- Partial answer -
Note that I am using the OpenJDK (JDK 9) sources as a foundation to comment on this question. This answer does not relies on any kind of documentation or published specifications, and includes a bit of speculation coming from my understanding and interpretation of the source code.
The GC overhead limit exceeded
is considered in the VM as a subtype of out of memory error and generated after an attempt to allocate memory fails (see (a)).

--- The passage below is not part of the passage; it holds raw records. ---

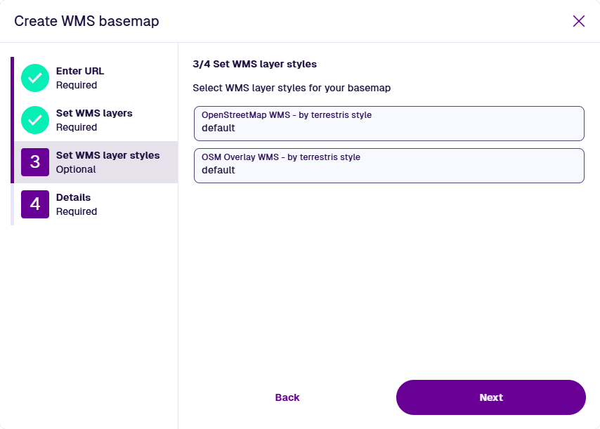 This step is required. For each previously selected layer, choose an available style provided by the map service. A layer may have multiple styles or a single default one. If no styles are available, you can leave the field blank.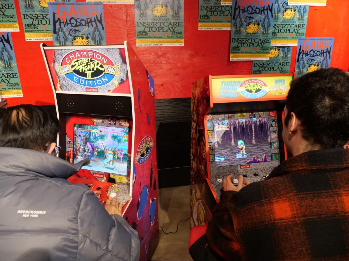 展示作品の一部は実際にプレイも可能。1991年、ゲームセンターで一世を風靡した『ストリートファイターⅡ』アーケード筐体をはじめ、Atari 2600やアルカディア(Arcadia)などの貴重な家庭用ゲームハードも自由に遊べる状態で丸テーブルに置かれており、周辺は大いに盛り上がっていました。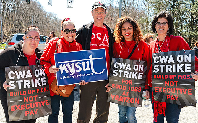 After 45 days of the largest strike in recent history, nearly 40,000 CWA/IBEW members at Verizon emerged victorious. The unions agreed on a contract that will improve working families' standard of living and create good union jobs. They also achieved a first contract for wireless retail store workers. NYSUT members across the state, including in Valhalla, above, stood shoulder to shoulder with their brothers and sisters. Their presence on picket lines and contributions to the strike fund were immeasurable. Be the union! Photo by Kristy Leibowitz.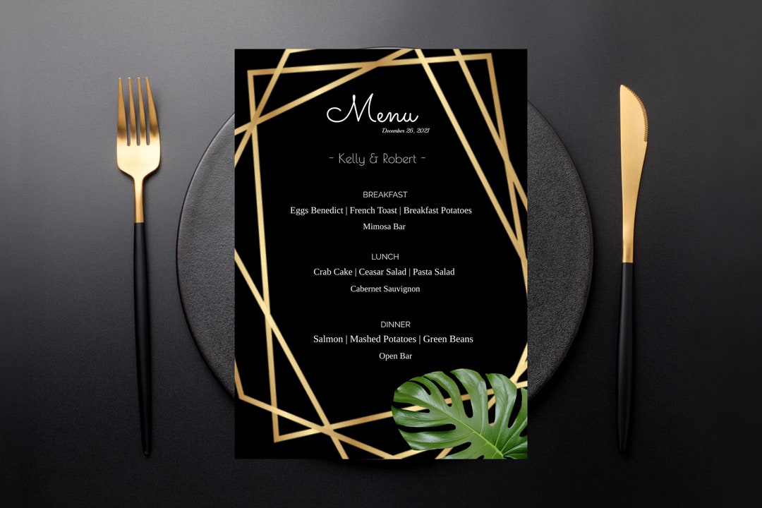 Black and Gold Menu Template Wedding Menu Template Menu Etsy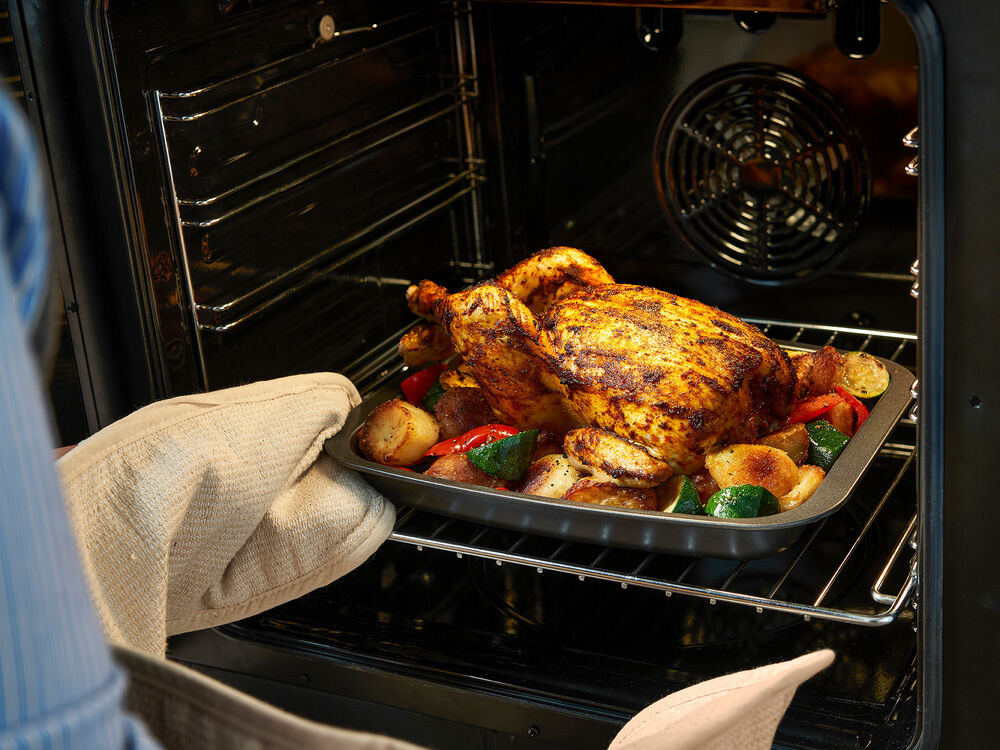 Turn up the heat and fill up your full-width pan - with a detachable handle and variety of racks as standard.

Essentially, the VM keeps track of the number of occurences of full garbage collection and compares it against the limit enforced for full GCs (which can configured on Hotspot using -XX:GCTimeLimit=
, cf Garbage Collector Ergonomics).
The implementation of how the full GC count is tracked and the logic behind when a GC overhead limit is detected is available in one place, in hotspot/src/share/vm/gc/shared/adaptiveSizePolicy.cpp
. As you can see, two additional conditions on the memory available in the old and eden generations are required to satisfy the criteria of a GC overhead limit:
void AdaptiveSizePolicy::check_gc_overhead_limit(
size_t young_live,
size_t eden_live,
size_t max_old_gen_size,
size_t max_eden_size,
bool is_full_gc,
GCCause::Cause gc_cause,
CollectorPolicy* collector_policy) {
...
if (is_full_gc) {
if (gc_cost() > gc_cost_limit &&
free_in_old_gen < (size_t) mem_free_old_limit &&
free_in_eden < (size_t) mem_free_eden_limit) {
// Collections, on average, are taking too much time, and
// gc_cost() > gc_cost_limit
// we have too little space available after a full gc.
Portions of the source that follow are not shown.